Ynys Môn
- Head coach: Campbell Harrison
| First colours | Second colours |

First international
- Faroe Islands 6–0 Ynys Môn (Gøta, Faroe Islands; 6 July 1989)

Biggest win
- Ynys Môn 8–0 Hitra Municipality (St Peter, Jersey; 29 June 1997)

Biggest defeat
- Faroe Islands 6–0 Ynys Môn (Gøta, Faroe Islands; 6 July 1989)

= Ynys Môn football team =

Men's association football team

The Ynys Môn football team represents the eponymous island in north Wales. As a part of Wales, Ynys Môn is not affiliated with FIFA or UEFA although players from Anglesey are eligible to play for the Wales national football team.

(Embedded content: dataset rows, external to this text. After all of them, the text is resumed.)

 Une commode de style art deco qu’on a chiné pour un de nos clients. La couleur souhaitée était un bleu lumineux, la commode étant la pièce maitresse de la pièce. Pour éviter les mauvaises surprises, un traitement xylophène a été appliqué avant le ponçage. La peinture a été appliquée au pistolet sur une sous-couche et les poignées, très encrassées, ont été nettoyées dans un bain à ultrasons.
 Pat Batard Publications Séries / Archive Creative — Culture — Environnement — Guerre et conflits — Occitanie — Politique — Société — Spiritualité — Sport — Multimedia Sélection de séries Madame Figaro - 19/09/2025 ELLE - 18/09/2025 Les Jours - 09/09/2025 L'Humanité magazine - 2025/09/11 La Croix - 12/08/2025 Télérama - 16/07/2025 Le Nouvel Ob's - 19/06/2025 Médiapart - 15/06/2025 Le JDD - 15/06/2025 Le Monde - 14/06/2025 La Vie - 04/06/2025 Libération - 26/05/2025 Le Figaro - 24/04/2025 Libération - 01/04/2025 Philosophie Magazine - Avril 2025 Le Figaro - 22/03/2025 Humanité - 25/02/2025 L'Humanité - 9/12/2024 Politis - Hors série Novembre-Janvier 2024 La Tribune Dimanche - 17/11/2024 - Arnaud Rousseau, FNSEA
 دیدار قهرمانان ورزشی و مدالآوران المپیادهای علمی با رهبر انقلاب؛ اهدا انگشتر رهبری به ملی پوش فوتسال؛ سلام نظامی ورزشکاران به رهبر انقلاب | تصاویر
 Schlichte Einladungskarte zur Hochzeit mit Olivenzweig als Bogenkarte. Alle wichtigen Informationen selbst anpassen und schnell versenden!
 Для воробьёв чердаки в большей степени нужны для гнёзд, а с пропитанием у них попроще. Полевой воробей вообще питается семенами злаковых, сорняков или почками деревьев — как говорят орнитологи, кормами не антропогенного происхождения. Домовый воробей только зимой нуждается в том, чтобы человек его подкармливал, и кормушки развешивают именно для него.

Ynys Môn is a member of the International Island Games Association and has taken part in the Island Games. The team made its debut at the 1989 Island Games held in the Faroe Islands. Ynys Môn have been one of the most successful football teams at the Island Games, winning the gold medal at the 1999 Island Games in Gotland and winning the silver medal a further five times. Ynys Môn also won the 2019 Inter Games Football Tournament as hosts – a replacement tournament after football was not included on the programme for the 2019 Island Games.

==History==
The Ynys Môn Island Games Association were founder members of the International Island Games Association in 1985 allowing the island to compete from the inaugural 1985 Island Games held on the Isle of Man.

A five-a-side youth football tournament was held at the inaugural games in 1985 held in Douglas, Isle of Man – in which Ynys Môn took the silver medal – but football was completely absent from the programme at the 1987 Island Games held in Guernsey.

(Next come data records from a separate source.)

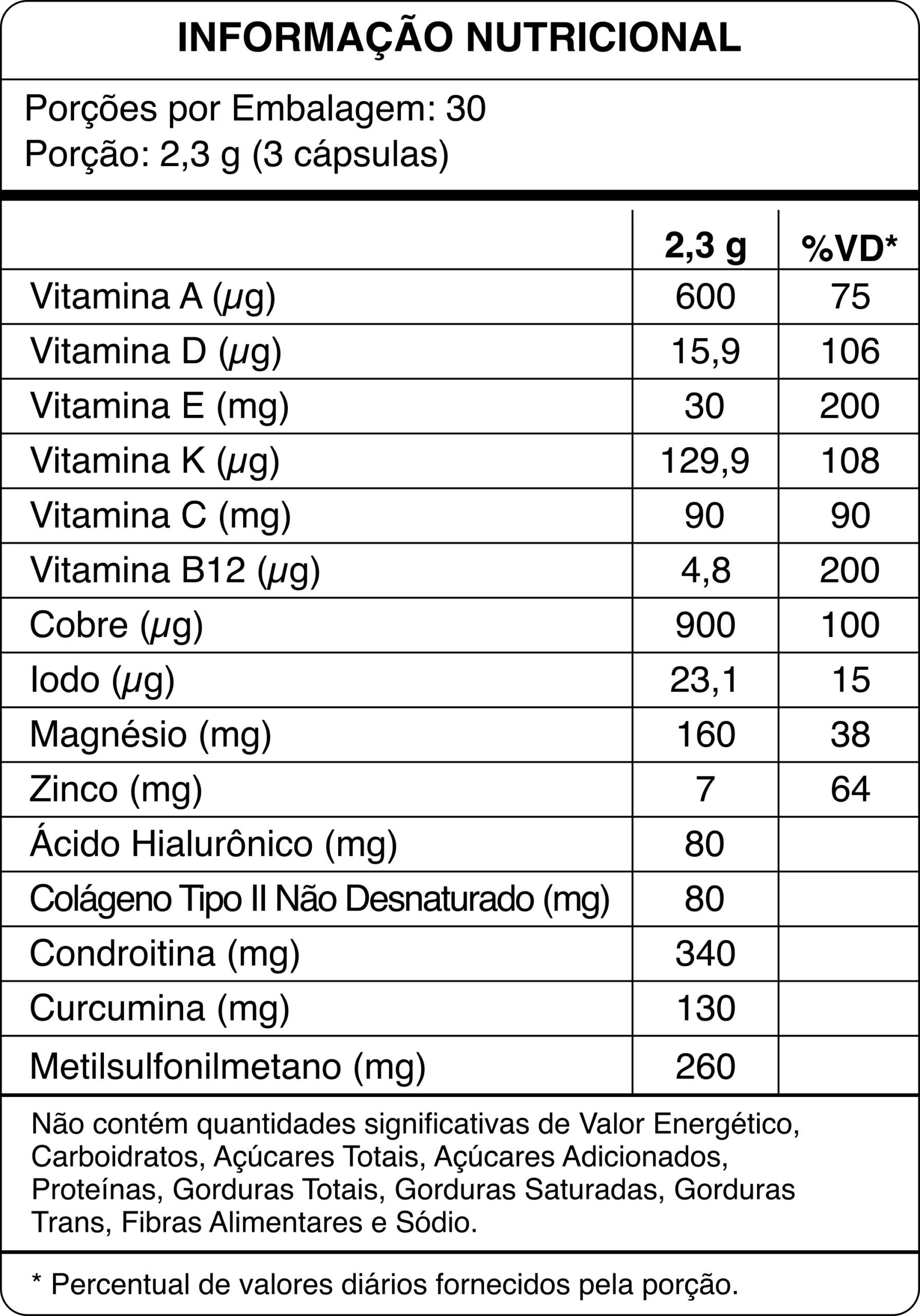 - Vitamina E (30mg): Antioxidante que protege as articulações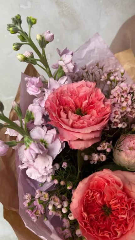 Букет с пионовидной кустовой розой, ваксфлаувером и маттиолой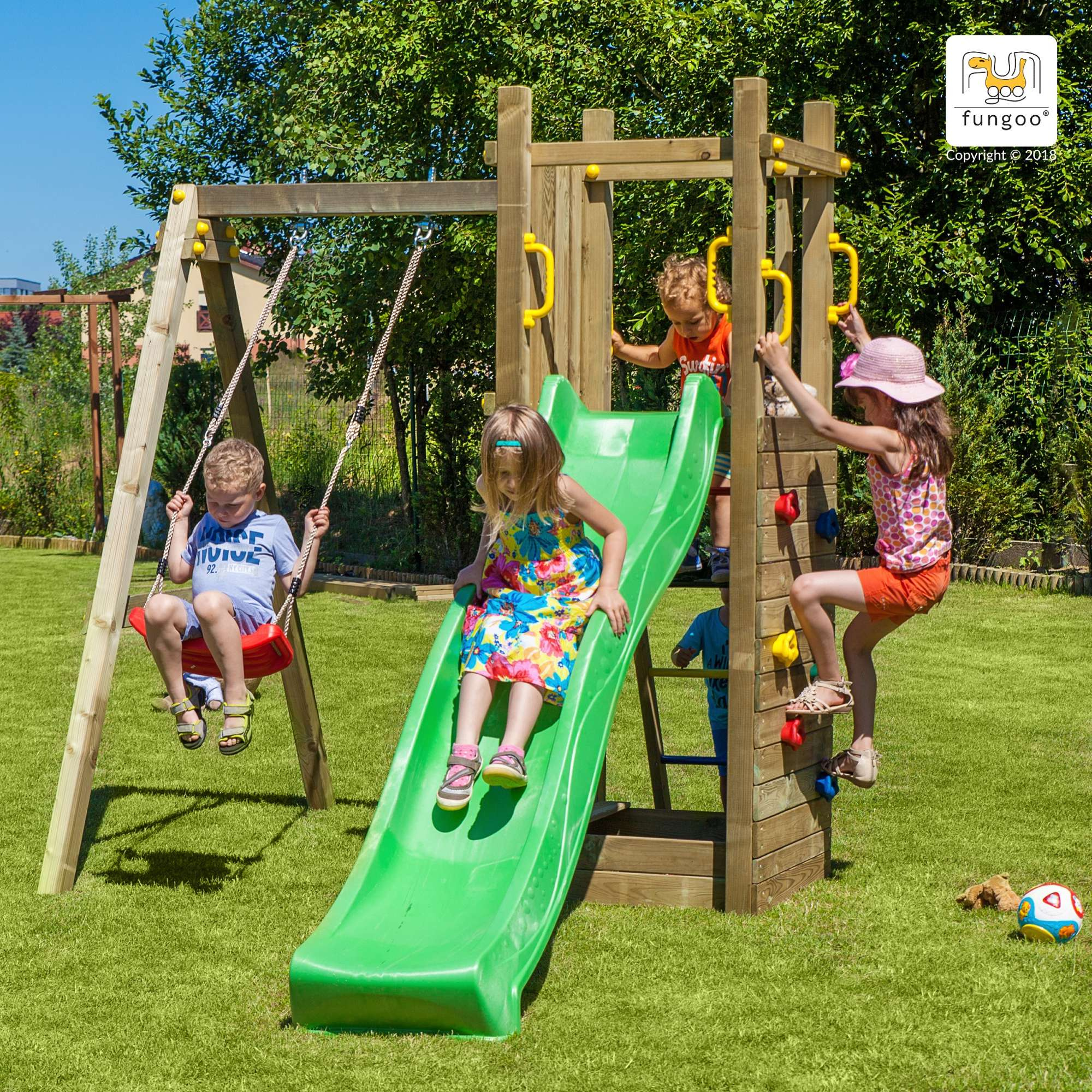 Drewniany plac zabaw został przygotowany przez markę Fungoo, specjalizującą się w ogrodowych zestawach do zabawy na świeżym powietrzu.

Ynys Môn made its debut in the men's football competition on 6 June 1989, losing 6–0 to the Faroe Islands. However, they would go on to claim the silver medal after winning their remaining three matches.

They retained their silver medal at the 1991 Island Games in Åland. After winning all three of their group games, they faced the Faroe Islands in the gold medal match but lost 2–0 to the defending champions.

Ynys Môn were eliminated in the group stages at the 1993 Island Games on the Isle of Wight, finishing sixth overall. At the 1995 Island Games in Gibraltar, they missed out on a semi-final place on goal difference by a single goal and once again finished sixth overall.

They returned to the medal podium at the 1997 Island Games in Jersey. Ynys Môn won their group undefeated to advance to the gold medal match. For the third time, they took home silver after losing 1–0 to hosts Jersey.

At the 1999 Island Games in Gotland, Ynys Môn advanced to the semi-finals in unusual circumstances. They drew both group matches 1–1 against Rhodes and Guernsey but finished as group winners on goals scored after Rhodes and Guernsey had played out a goalless draw. They defeated the Isle of Wight 3–1 in the semi-finals to advance to the gold medal match. Ynys Môn won the gold medal for the first time after defeating the Isle of Man 1–0.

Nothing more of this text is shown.